Listed entries:
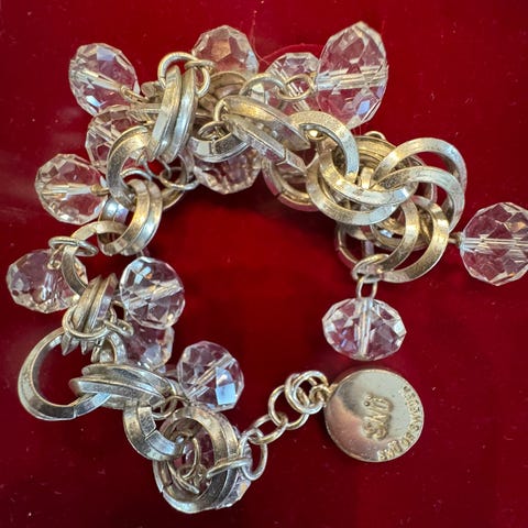 Metallringer i lag og en stor hjerte med flere charms.
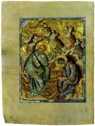 Keywords: Khitrovo Gospels 02.jpg Khitrovo Gospels Евангелист Иоанн Богослов и П охо http //www icon-art info/masterpiece php lng ru mst_id 1276 century 15 Andrei Rublev Khitrovo Gospels Miniatures of Saint John the Evangelist at Patmos PD-Art
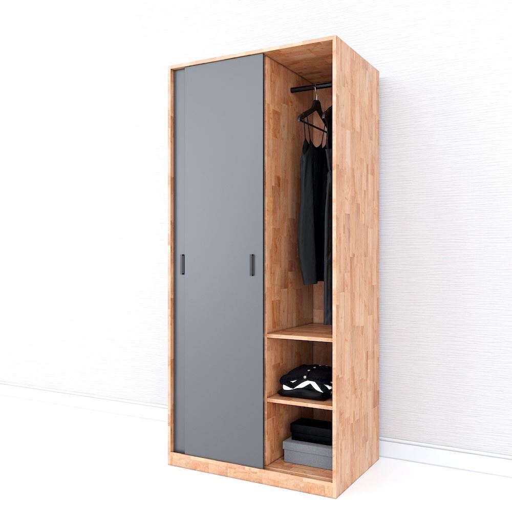 Tủ quần áo 2 cánh cửa lùa gỗ cao su
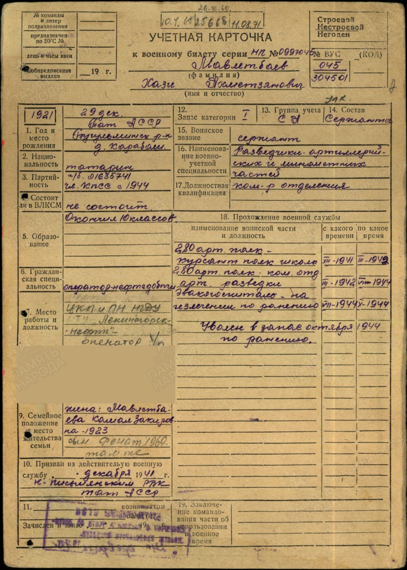 Родился 29.12 1921г. в п. Карабаш, ныне Бугульминский район РТ. До армии – колхозник.
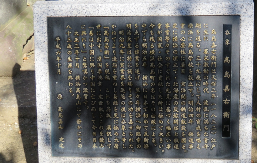 泉岳寺の高島嘉右衛門の墓碑の説明版(2019/11/21) |
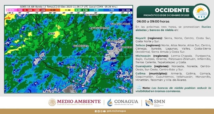 Este domingo hay una importante entrada de humedad del pacífico mexicano, debido a una corriente en chorro subtropical, que son vientos intensos que están arrastrando humedad. Además en 7 u 8 kilómetros se está favoreciendo mucha inestabilidad y por lo tanto el crecimiento de nubes en el centro y el occidente de la República Mexicana, en compañía de un frente frío que se está desplazando por el Golfo de México. Estas condiciones provocarán inestabilidad y por lo tanto las precipitaciones estarán presentes de manera ligera y dispersa en buena parte del centro-occidente y también hacia el noreste de la República Mexicana.De acuerdo con el Instituto de Astronomía y Meteorología, en el caso del Área Metropolitana de Guadalajara, se esperan algunos chubascos o tormentas eléctricas, pero principalmente lluvia de manera dispersa y persistente en algunos momentos para este domingo.*Mantente al día con las noticias, únete a nuestro canal de WhatsApp aquí: https://whatsapp.com/channel/0029VaAf9Pu9hXF1EJ561i03MV
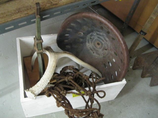 1 WOOD CRATE WITH TRACTOR SEAT, ANTLERS, ETC
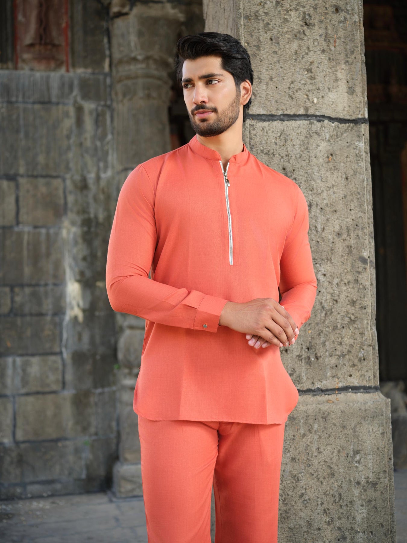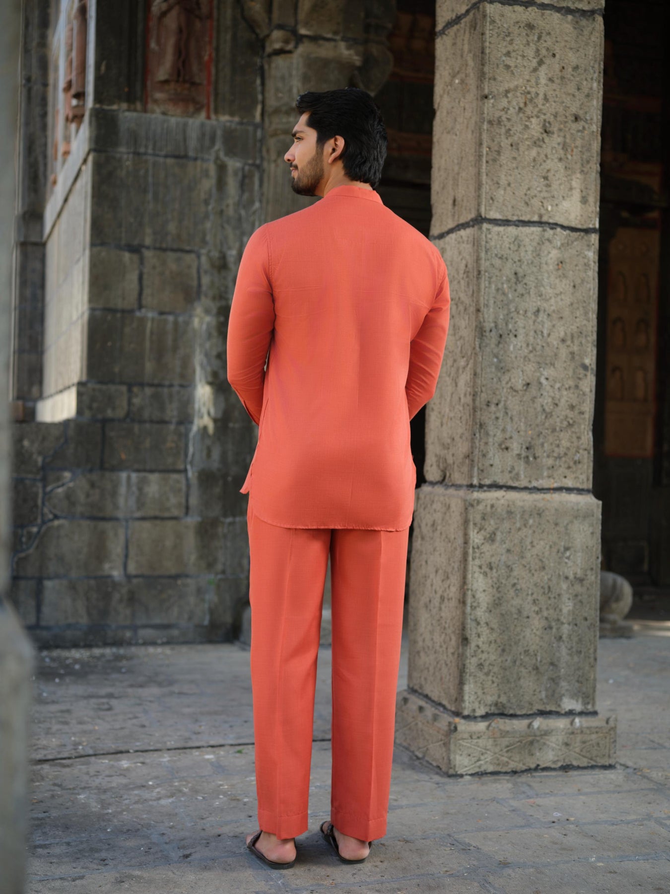 Men’s Cotton-Linen Co-ord Set – Tattva Fire (Rust Orange)
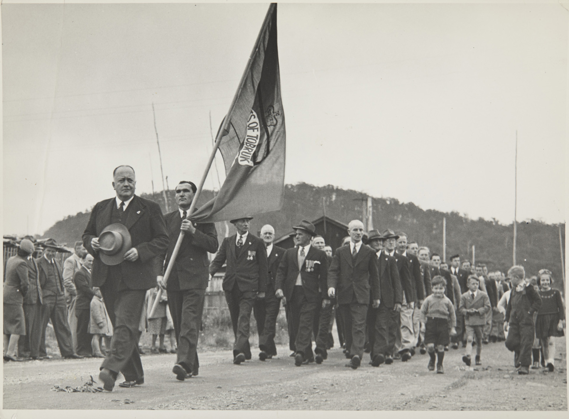 A man is in the foreground holding a hat, with a second man carrying a flag. Children are running alongside. ‘25.4.49’ is in blue pen on the back with a further three lines of writing.
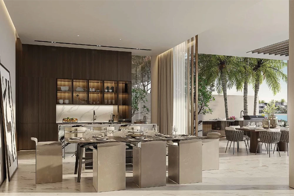 This stunning beach villa with sophisticated facade and it's chic neutral tones that blends into the luxury island lifestyle experience surrounded by natural elements comprises of six bedrooms, eight bathrooms, both chef's kitchen and the prep kitchen as well as staff quarter, extra family room and a spectacular roof lounge and terrace.
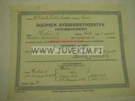 Suomen Ayrshireyhdistys Lehmä "Hulmu III", omistaja Hannes Palmroth, Partola, Tampere -kantakirjatodistus 1923
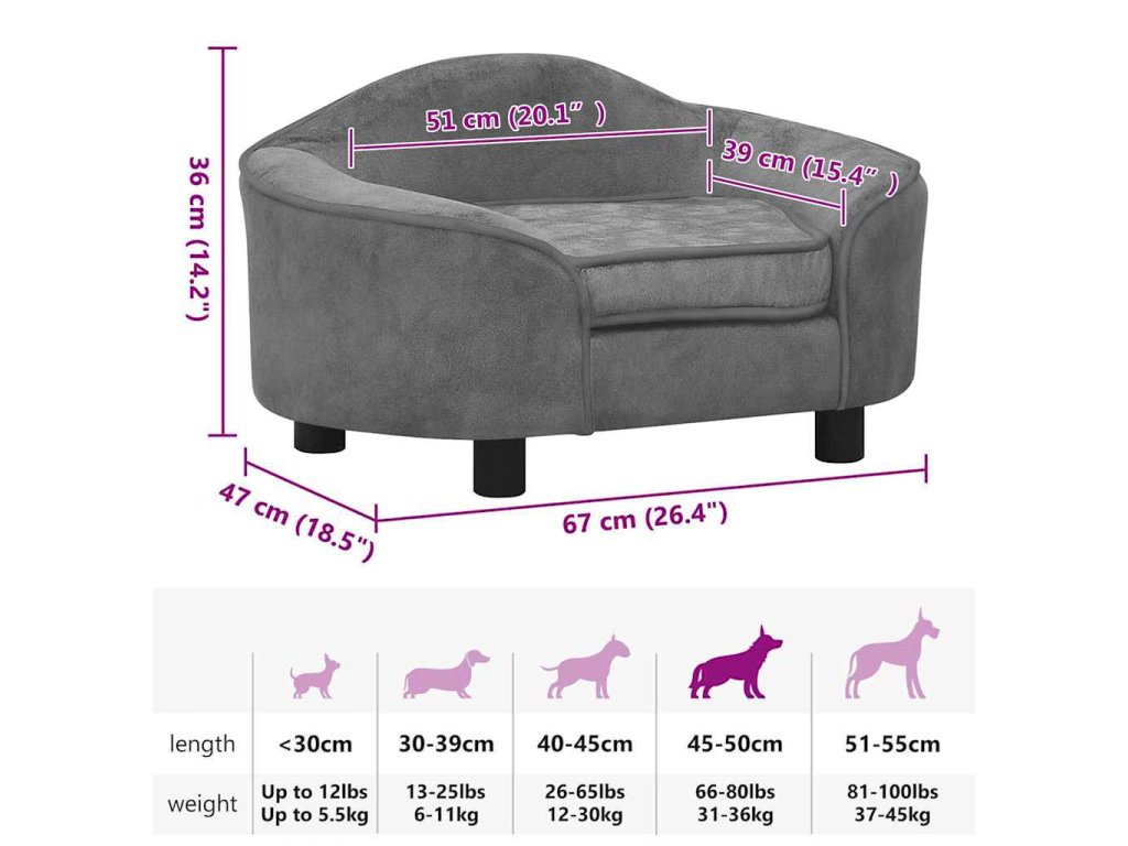 Pohovka pro psy šedá 67 x 47 x 36 cm plyš 171084

Task description: Begin at the top of the records above and retype each line exactly until the line containing "Родился 29.12 1921г.", which is included. Skip all pictures.

Solution to the problem:
 Metallringer i lag og en stor hjerte med flere charms.
 Keywords: Khitrovo Gospels 02.jpg Khitrovo Gospels Евангелист Иоанн Богослов и П охо http //www icon-art info/masterpiece php lng ru mst_id 1276 century 15 Andrei Rublev Khitrovo Gospels Miniatures of Saint John the Evangelist at Patmos PD-Art
 Tủ quần áo 2 cánh cửa lùa gỗ cao su
 Родился 29.12 1921г. в п. Карабаш, ныне Бугульминский район РТ. До армии – колхозник.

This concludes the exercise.